Industry safety recommendations call for four practices: make copied material easy to identify visually, make the original source of copied text traceable, train staff regularly on safe copy-paste habits, and monitor copy-paste use as part of ongoing quality assessment. If you discover that copied content introduced an error, correct it using the standard addendum or correction process. The key habit is verifying every piece of copied content before signing the note, rather than assuming what was true last time is still true now.
Legal Risks of Improper Corrections
Metadata in an EHR creates a permanent electronic footprint of every action taken in the system. Under federal law, this metadata is discoverable in civil trials, meaning a plaintiff’s attorney can demand it. When metadata shows that a correction was made at a time consistent with the clinical encounter, it actually strengthens the provider’s defense. But when the record was revised at a time that doesn’t match the treatment timeline, it raises suspicion of falsification, even if no wrongdoing actually occurred.
This is a significant shift from the paper era. A physician who went back and rewrote a paper chart note faced little risk of detection. In an electronic system, the timestamps tell the story whether you want them to or not. Going back to alter a record days after an adverse event, without clearly labeling the change as a late addendum with a stated reason, can look like a cover-up to a jury.

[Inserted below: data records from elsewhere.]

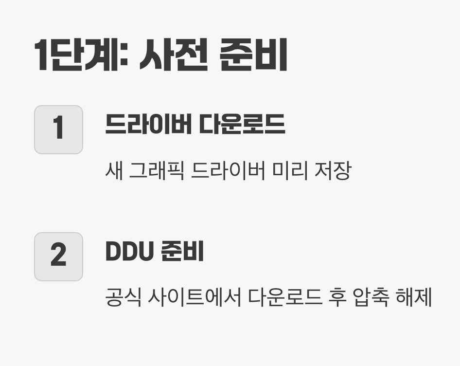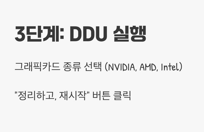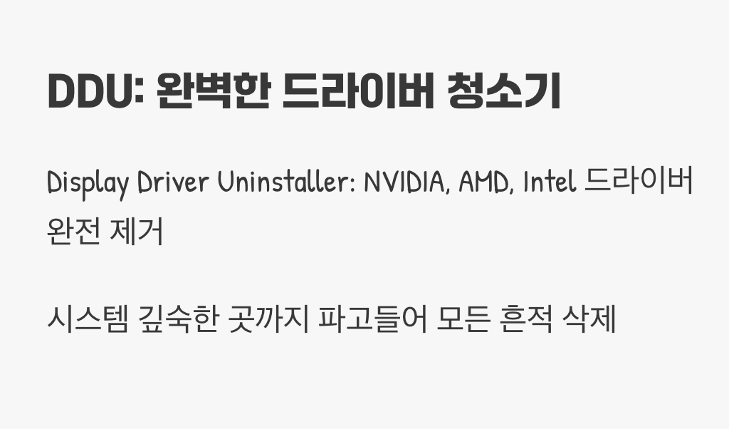 공식 홈페이지에서 DDU를 다운로드한 뒤, 안전 모드에서 실행해 GPU와 제조사를 선택하고 ‘지우고 다시 시작’을 누르면 그래픽 드라이버를 완전히 삭제할 수 있습니다. 작업 후 자동으로 재부팅됩니다. - DDU 사용법 완벽 정리! 그래픽 드라이버 완전 삭제 가이드 - 파더기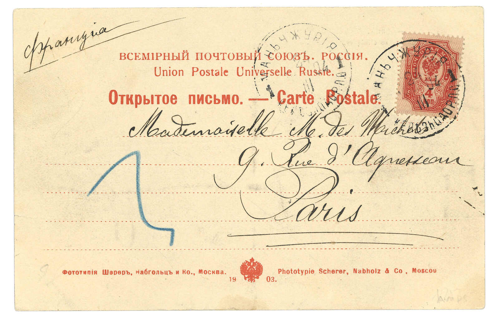 1904 Manchouli Station (24 Mar) to France. Picture postcard, f.w. Coat of Arms 4k, tied by Manchouli Station T&S type 1 cds. T&S did not record any example of Manchouli Station type 1 cds.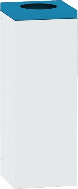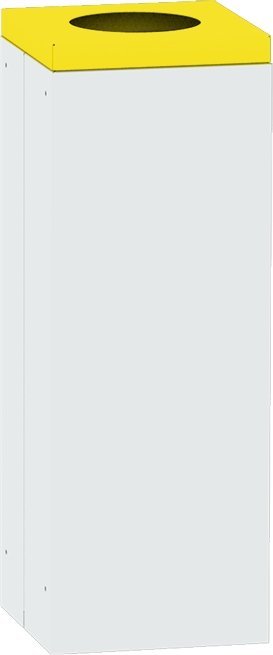 Kwadratowy stabilny kosz na śmieci ze zdejmowaną pokrywą odpowiedni do sortowania odpadów. Wysokość 700 x szerokość 295 x głębokość 295 mm, pojemność 57 l. Kolor kosza jasnoszary RAL 7035, pokrywa z okrągłym otworem ø 200 mm w różnych kolorach umożliwiających rozróżnienie rodzaju odpadów. Tylko do użytku wewnętrznego.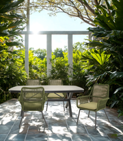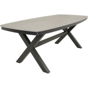 Met de Davos ovalen eetkamertafel haal je functionaliteit en stijl in huis. Het sintered stone blad biedt een stevige, onderhoudsvriendelijke basis die dagelijkse activiteit(en) zoals klussen, kinderfeestjes en wijnavonden probleemloos ondersteunt, terwijl de matte antraciet aluminium afwerking een eigentijdse uitstraling geeft die lang meegaat.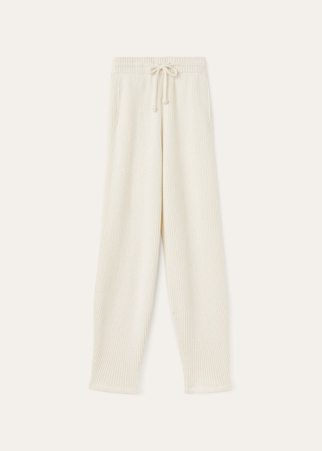 Experience comfort and style with our ribbed pants in a silk and cashmere blend. The regular fit creates a classic silhouette, while diagonal pockets add a touch of functionality. The drawstring waist not only enhances comfort, but also adds a casual, relaxed air to these versatile pants. Product details Diagonal pockets Drawstring at the waist Piping detail on the inner waistband in Kummel color Composition: 60% Cashmere, 40% Silk Model wears an IT L Model measures: height 5' 10.5"/ 179cm, bust 30.3"/ 77cm, waist 23.2"/ 59cm, hips 34.3"/ 87cm. Made in Italy Product Code: FAO2394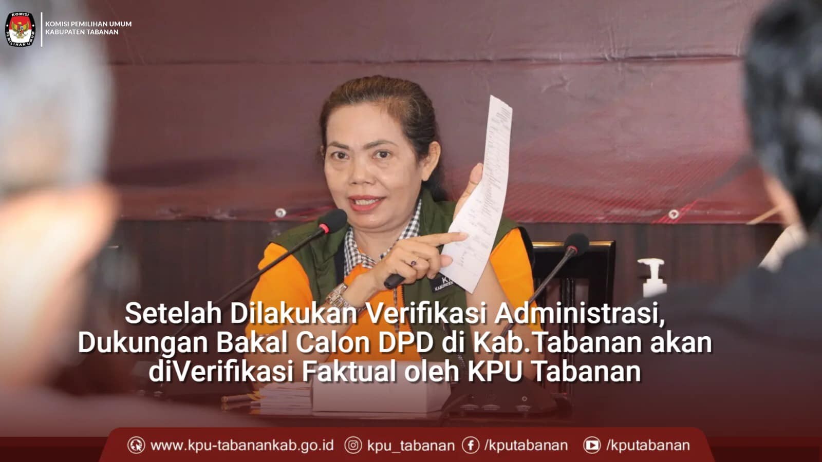 Sebagai Pemateri adalah Anggota KPU Tabanan Ketua Divisi Teknis Penyelenggaraan, Luh Made Sunadi. “ Tugas KPU Kabupaten/Kota dalam pelaksanaan verifikasi dukungan DPD yakni Verifikasi Administrasi 30 Desember 2022 – 12 Januari 2023, Verifikasi Administrasi (Vermin) Perbaikan Kesatu 23 Januari 2023 – 1 Februari 2023, Verfak Kesatu 6 – 26 Februari 2023, Vermin Perbaikan Kedua 12 – 21 Maret 2023 dan Verfak Kedua nantinya tanggal 26 Maret 2023 – 8 April 2023.”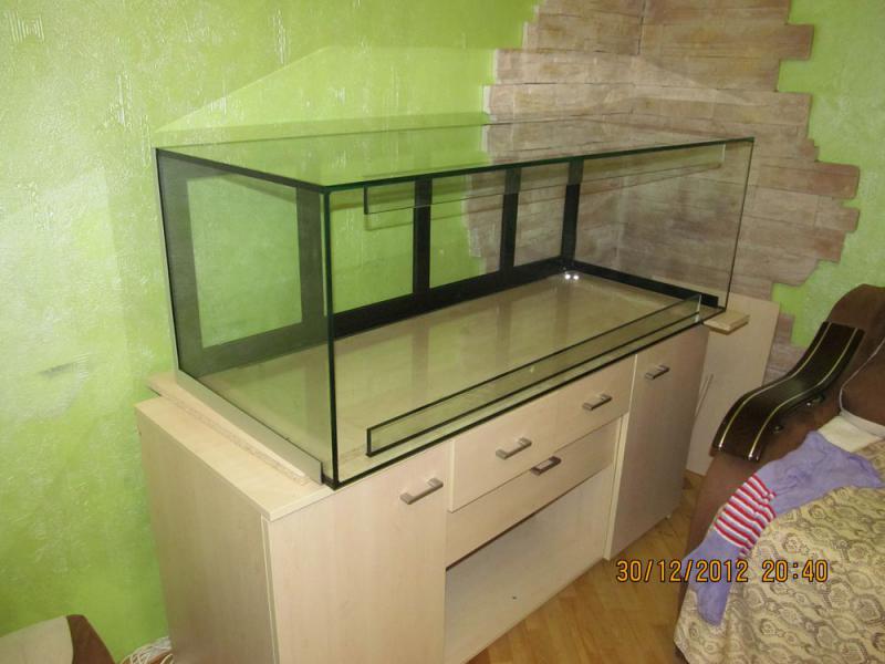 Литраж такой-же как у Вас. Клеить уже научился, но только проблема в запахе в квартире и детях, которые постоянно норовят пальчиком залезть в силикон. Оно ведь так классно потрогать и вытереть чёрным о что-либо. Крышку тоже сам делал. Ещё надо в ней окантовку из уголка алюминиего сделать. Отражатели из водосточной трубы за 64 грн, обклееные оракалом и подогнутые феном строительным для придания формы параболы. Кстати есть остаток 1,5 м.п. этой трубы. Валяется. Из ламп:

The practical takeaway: make corrections promptly, label them honestly, and never try to make a revised entry look like it was the original. The audit trail will always reveal the truth, and transparency in corrections is far easier to defend than unexplained edits.
How to Make a Proper Correction
- Use the correct function. Choose “correction” for factual errors in your own notes, “addendum” for additional information on a finalized note, or “void” for orders entered in error.
- State the reason. Document why the change is being made. “Wrong patient” or “incorrect dosage recorded” is sufficient.
- Don’t delete the original. The system should preserve it automatically, but never use workarounds to remove content from the record.
- Sign and timestamp. Your identity and the time of the correction should be captured. Most EHRs handle this automatically, but verify that your entry is properly attributed.
- Act promptly. The sooner a correction is made, the less likely it is to raise questions about motive. Late entries are permissible but should be clearly labeled as such.